★ Trick Mirror
Trick Mirror: Reflections on Self-Delusion, a book of nine original essays from New Yorker writer Jia Tolentino, makes for great listening. She finds a personal angle to big topics within our modern culture, such as in “The I in the Internet” when Tolentino takes the listener through her personal history with the internet (which will be familiar to anyone who browsed the web in the 1990s and early 2000s), traces it to the modern day and reveals how it has shaped our realities. She draws connections between radical political movements and the way popular websites encourage us to turn inward. She comes to a stark conclusion about the way we allow ourselves to be used by corporations. In another essay, she reflects on her experience as a reality TV star and provides insight into the medium. Tolentino narrates the essays herself, which emphasizes her sharp wit and adds an intimacy to the more personal stories.
Never Have I Ever
In Never Have I Ever, Amy’s blissful, suburban Florida life is turned upside down when new neighbor Roux shows up at her book club and turns the discussion toward everyone’s deepest, darkest secrets. Roux earns a living through blackmail, and Amy gets tangled up in something far beyond a party game. This is a fun thriller grounded in textured relationships that include a controlling best friend and a quirky teenage stepdaughter. I kept thinking I knew where the story was going, but there were twists upon twists I truly could not see coming. Author Joshilyn Jackson does a pitch-perfect job narrating her own novel. The Alabama-born writer gets the pretend-nice, passive-aggressive, classically Southern voice just right.

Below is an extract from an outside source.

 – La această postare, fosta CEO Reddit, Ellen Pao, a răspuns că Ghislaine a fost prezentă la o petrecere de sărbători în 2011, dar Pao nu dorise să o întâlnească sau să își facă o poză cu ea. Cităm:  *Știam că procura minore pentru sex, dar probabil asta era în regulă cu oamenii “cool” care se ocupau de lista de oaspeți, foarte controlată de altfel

All the characters in James Gregor’s debut novel are horrible people, but I couldn’t help but root for them. Richard is a Ph.D. candidate struggling with writer’s block. His classmate Anne helps him by doing his work for him, buying him fancy meals and paying for taxis. In return, she expects a romantic relationship, and he is happy to oblige—despite being gay. It all comes to a head when things get serious between Richard and a former online fling. He is forced to choose between the handsome lawyer, who’s definitely husband material (even if he’s a little too into Ayn Rand), and the woman who holds the key to his academic success. Going Dutch pokes fun at online dating, New York intellectuals, money and manners. Narrator Michael David Axtell infuses Richard’s inner monologues with wry humor, making his observations even more biting.